Black and White Ball Style Guide: What to Wear

Jennifer Hood, Contributing Writer

Cigarettes, lace, fur and ferocity. This is your last-minute guide to nail that perfect outfit for Haraya’s Black and White Ball while staying true to this year’s theme: “The Haraya Playhouse: Welcome to the Harlem Renaissance.”

First, consider history. The Harlem Renaissance was an era of artistic and social advancements within the black community. It was a time in which black excellence was first recognized for its intellectual contributions to society.

“I think the theme pays tribute to the people before us,” said Dionté Williams, Haraya’s vice president of activities.“They brought us here, and today it feels like we mirror that. We are in our own Renaissance. We are really still fighting for change.”

In an effort to reflect these advancements, changes have been made to the ball. Traditionally, the Black and White Ball has had a strict dress code: Black or white. With this year’s theme paying tribute to the black excellence of the 1920s, the dress code has been altered to any color, any accessory — as long as attendees dress accordingly.

“Go for the twenties or vintage [look],” said Williams between mascara-riddled blinks. “Know the era that you’re embodying, and don’t show up not in theme.”

With time running out, it may be too late to go for that all-out outfit; however, there are a few things you absolutely need to consider if you really want to make a statement.

Normally, women would be thinking of a flapper-like outfit. Sequins, lace and details. More is more when it comes to your dress. The intricate details are a must-have. This is the time to ditch the flats and pull out the heels. Sacrifice yourself and get the blisters — this night of absolute glam would not be complete without accessories.

“Gloves, headbands… and fur,” said Phoenix Totesau-Johnson, a Haraya member who helped put on “Finesse Your Fit,” a program co-hosted by Redhouse, St. John’s fashion organization. The program discussed the “do’s and don’ts” of outfits for the Ball.
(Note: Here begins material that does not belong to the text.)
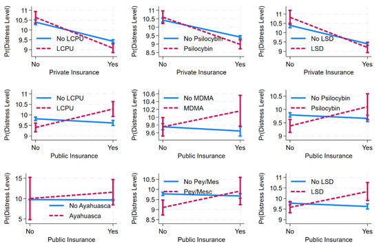 While the results indicate that private health insurance, compared to not having private insurance, is associated with lower distress (Figure 1), interaction terms (Supplemental Table S4) show that this negative association is strengthened for those who have used lifetime classic psychedelics (b= −0.378, p < 0.01 b = −0.378, p < 0.01 b = −0.378, p < 0.01, Model 1), psilocybin (b= −0.318, p < 0.05 b = −0.318, p < 0.05 b = −0.318, p < 0.05, Model 3), and LSD (b= −0.327, p < 0.05 b = −0.327, p < 0.05 b = −0.327, p < 0.05, Model 7). Conversely, although public health insurance, compared to not having public insurance, is associated with greater distress, interaction terms indicate that this positive association is further amplified among individuals who have used lifetime classic psychedelics (b = 0.936, p < 0.001 b = 0.936, p < 0.001 b = 0.936, p < 0.001, Model 8), MDMA (b = 0.582, p < 0.001 b = 0.582, p < 0.001 b = 0.582, p < 0.001, Model 9), psilocybin (b = 0.923, p < 0.001 b = 0.923, p < 0.001 b = 0.923, p < 0.001, Model 10), peyote/mescaline (b = 0.719, p < 0.05 b = 0.719, p < 0.05 b = 0.719, p < 0.05, Model 13), and LSD (b = 0.796, p < 0.001 b = 0.796, p < 0.001 b = 0.796, p < 0.001, Model 14).

According to “Finesse Your Fit,” it has to be one or the other. A simple dress with all-out accessories or an over-the-top dress with sleek accessories; however, because of the March 2 deadline, it might be more realistic for women to go a different route. If you choose not to wear the flapper-esque dress and want to go for the more cost-effective option, feel free to pull that a-line, black dress from your closet and dress it up with the accessories. This look may be more time-friendly, with the Ball less than a week away.

The plain black dress is a totally acceptable option, but to keep to theme, you will have to really step up the accessories.

“A long pearl necklace, feathers, furs, headbands or red lipstick is a good way to go,” said Raven Jackson, a senior Haraya member.

Men. We haven’t forgot about you and you’re in luck.

Tuxedos and suits are timeless. With little changes in men’s fashion over the decades, you don’t have much to worry about. To really stick with the trends of the 1920s, you could go with a slightly oversized suit, a vest or even a suit with stripes. Otherwise, a normal suit is fine, as long as you add details.

“Men are really going to have to rely on the accessories,” said Williams.“The hats, the canes, the handkerchiefs are really what’s going to help bring your look to the 20s.”

So, you have the ideas, but where can you find these hidden gems that are really going to take your outfit to the next level without sacrificing too much of your Saturday night funds? Amazon has a number of flapper costumes, but if you’re hoping to create your own, personal look, you will have to go elsewhere.

“Local thrift stores, ASOS, H&M, Forever21, vintage sites and D.I.Y.s are places where you can definitely find pieces,” said Totesau-Johnson. “You can even go to Party City and get accessories in bulk with your friends.”

Ultimately, it doesn’t matter where you get it, or whether you choose to wear a costume or your own personally curated look. What matters most is how you wear it.

“The clothes cannot wear you. You have to wear the clothes,” said Williams. “You have to wear the clothes. You have to wear the fabrics. You have to wear the jewelry. You have to wear all of that. Then you have to have the confidence and commit to the look. That’s the real 1920s.”